- SOURCE DATA:
::::

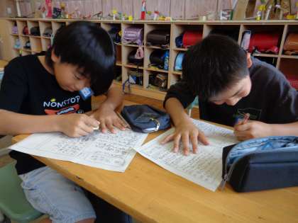 国語科では「新聞をつくろう」の学習をしています。宿泊学習でのニュースを見出しやレイアウトを工夫して制作しています。
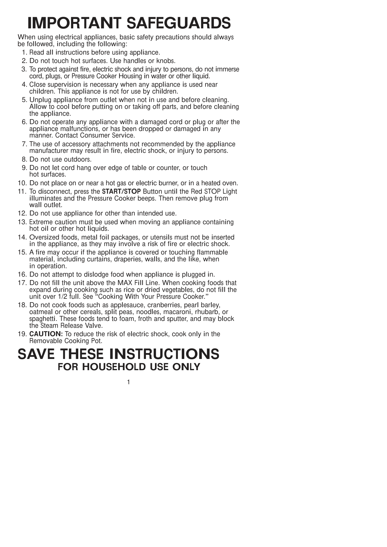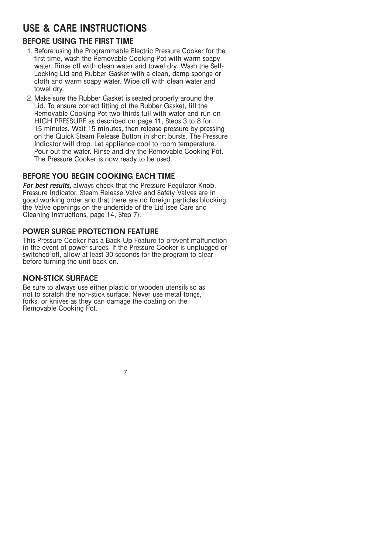 For best results, always check that the Pressure Regulator Knob, Pressure Indicator, Steam Release Valve and Safety Valves are in good working order and that there are no foreign particles blocking the Valve openings on the underside of the Lid (see Care and Cleaning Instructions, page 14, Step 7).Power Surge Protection Feature
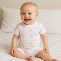 Hermoso Pijama corto de dos piezas 100% Algodón PIMA, diseñado en Chile y confeccionado en Perú con a más alta calidad del mercado, previene alergias, protege la delicada piel de tu bebe, entrega comodidad y suavidad.
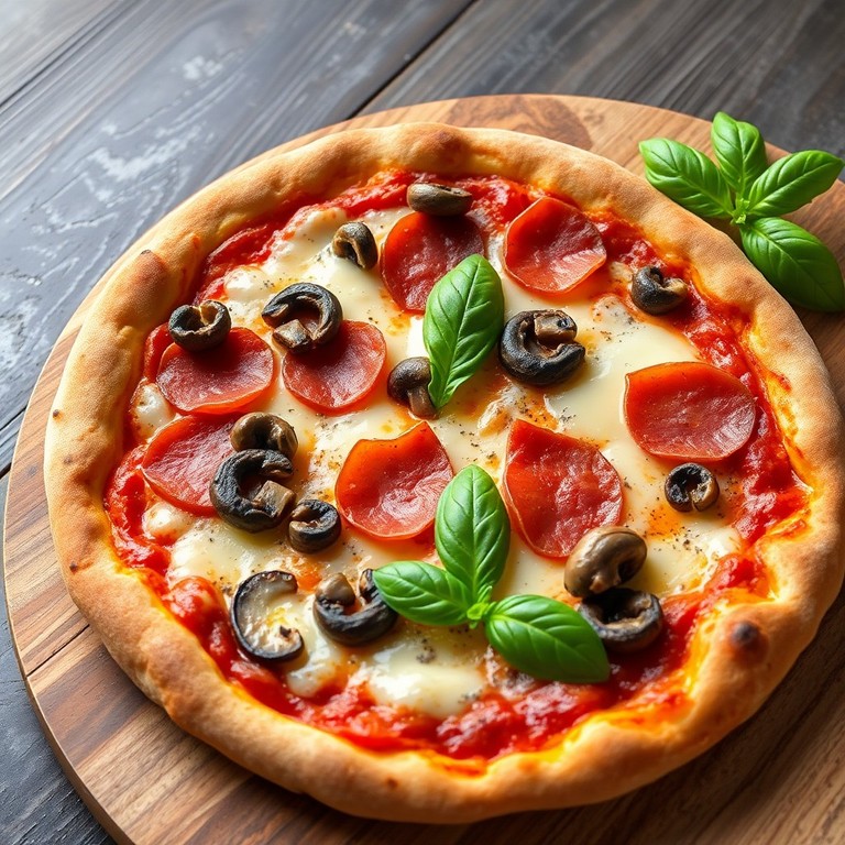 Классическая итальянская пицца с тонким цельнозерновым тестом, насыщенной начинкой из салями, свежих шампиньонов и расплавленного сыра моцарелла. Рецепт адаптирован для диабетиков: используется цельнозерновая мука и исключён сахар, что делает пиццу более полезной без потери вкуса.

::::

- EXERCISE DESCRIPTION: Leaving the pictures out, set down all of the data again exactly.

- TASK SOLUTION:
 国語科では「新聞をつくろう」の学習をしています。宿泊学習でのニュースを見出しやレイアウトを工夫して制作しています。
 For best results, always check that the Pressure Regulator Knob, Pressure Indicator, Steam Release Valve and Safety Valves are in good working order and that there are no foreign particles blocking the Valve openings on the underside of the Lid (see Care and Cleaning Instructions, page 14, Step 7).Power Surge Protection Feature
 Hermoso Pijama corto de dos piezas 100% Algodón PIMA, diseñado en Chile y confeccionado en Perú con a más alta calidad del mercado, previene alergias, protege la delicada piel de tu bebe, entrega comodidad y suavidad.
 Классическая итальянская пицца с тонким цельнозерновым тестом, насыщенной начинкой из салями, свежих шампиньонов и расплавленного сыра моцарелла. Рецепт адаптирован для диабетиков: используется цельнозерновая мука и исключён сахар, что делает пиццу более полезной без потери вкуса.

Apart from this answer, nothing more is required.